Arada bir sessizlik oldu.
“Beni hatırladınız mı doktor bey?”
Birden o günlere gitti. Durgunlaştı.
“Evet, hatırladım ve unutmam mümkün değil,” diye cevap verdi.
“Ben görevimi yapmıştım,” dedi özür niyetine.
“Görevinizi mi yapmıştınız?” dedi alınması gereken ilaçların olduğu reçeteyi yazarken.
“…”
“Ben de görevimi yaptım.”
“Peki, hiç kin duyup, intikam duygusuna kapılmadınız mı? Narkoz sonrası savunmasız olarak elinizdeydim.”
“Hayır. Sizinle sokakta karşılaşmadık ki. Sokakta karşılaşsak yüzünüze bile bakmazdım veya yüzünüze tükürürdüm. Ama siz, bu hastanenin kapısından girdiğinizden itibaren benim bir hastamdınız.”
Bu arada bir hastabakıcı odaya girip, doktorun masasındaki bir dosyayı alıp, çıktı.
“Hipokrat Yeminini biliyorsunuzdur. Sağlık çalışanlarının mesleklerini onurla uygulayacaklarına dair tarih boyunca ettikleri yemin… Biz doktorlar için hastanın kimliğinin hiçbir önemi yoktur. Bizim görevimiz hastaları iyileştirmektir. O kadar.”
Reçeteyi uzattı. Devam etti konuşmaya:
“Ne diyoruz biz, yemin ederken bir yerinde? ‘Din, milliyet, cinsiyet, ırk ve parti farklarının görevimle vicdanım arasına girmesine izin vermeyeceğime, mesleğimi dürüstlük ve onurla yapacağıma, namusum ve şerefim üzerine yemin ederim’ diyoruz.”
Bunları söyledikten sonra elindeki kalemi masaya fırlattı.

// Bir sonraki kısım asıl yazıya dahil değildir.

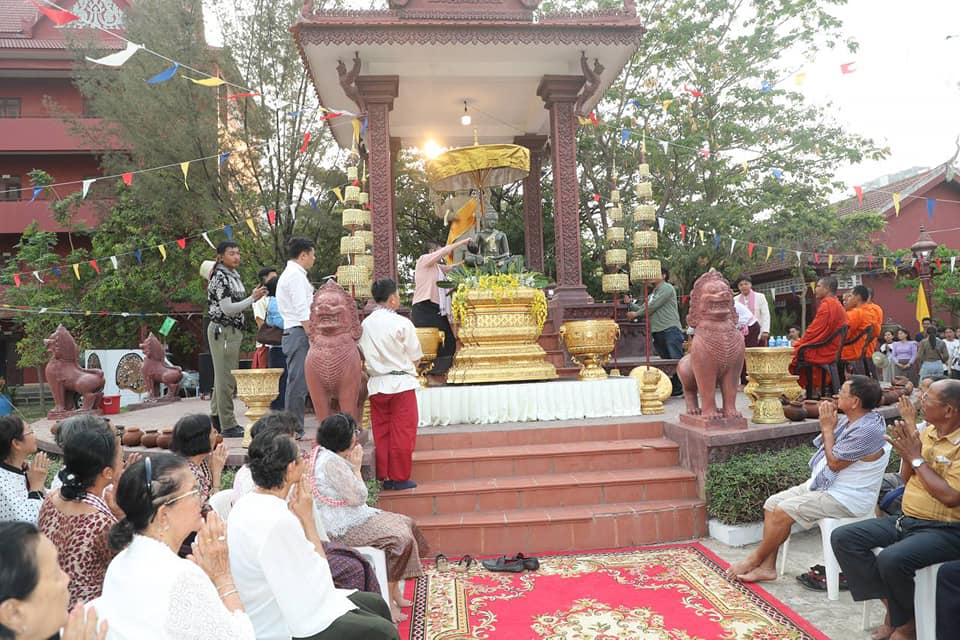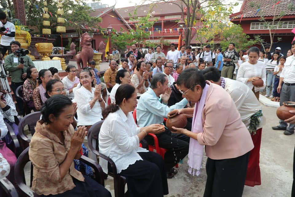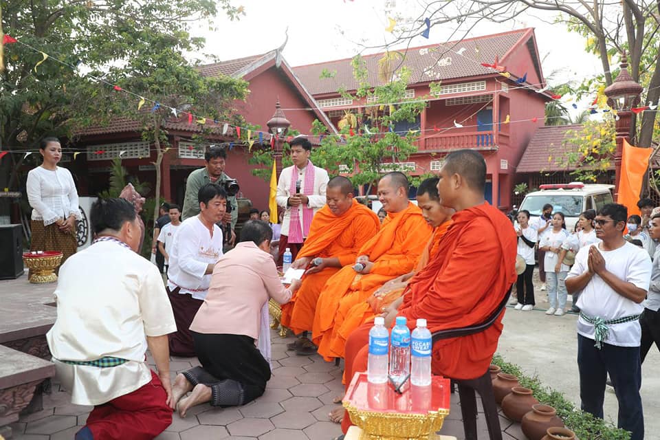 នៅរសៀលថ្ងៃទី២ ខែមេសា ឆ្នាំ២០២៤ និងជាថ្ងៃចុងក្រោយនៃពិធីអបអរសាទរបុណ្យចូលឆ្នាំថ្មីប្រពៃណីជាតិ ដែលរៀបចំសាលាមធ្យមវិចិត្រសិល្ប: លោកជំទាវបណ្ឌិតសភាចារ្យ ភឿង សកុណា អមដំណើរដោយឯកឧត្តម លោកជំទាវជាថ្នាក់ដឹកនាំក្រសួង និងយុវជនសហភាពសហព័ន្ធកម្ពុជាវិស័យវប្បធម៌និងសិល្ប: បានអញ្ជើញចូលរួមពិធីស្រង់ព្រះ មានការអញ្ជើញចូលរួមពីគណ:គ្រប់គ្រងសាលា លោកគ្រូ អ្នកគ្រូ និងសិស្សានុសិស្ស ដោយបានរៀបចំពិធីស្រង់ទឹកជូនព្រឹទ្ធាចារ្យចាស់ៗ ដែលជាសាស្រ្តាចារ្យ វីរសិល្បករ សរុបប្រមាណចំនួន៧០រូប។

“İyiymiş,” dedi adam fısıltıyla.
“Geçmiş olsun. Endişelendiğiniz gibi olmadı değil mi? Şansınıza her şey iyi gitti. Umarım bana veya başka bir doktora bu nedenle bir daha işiniz düşmez.”
Adam, yavaşça oturduğu yerden kalktı. Saygıyla doktoru selamlayarak kapıdan çıktı.
Arkasından baktı.
İyileşmişti, ama ameliyat sonrası halsizliğinin ötesinde bir yorgunluk vardı üzerinde.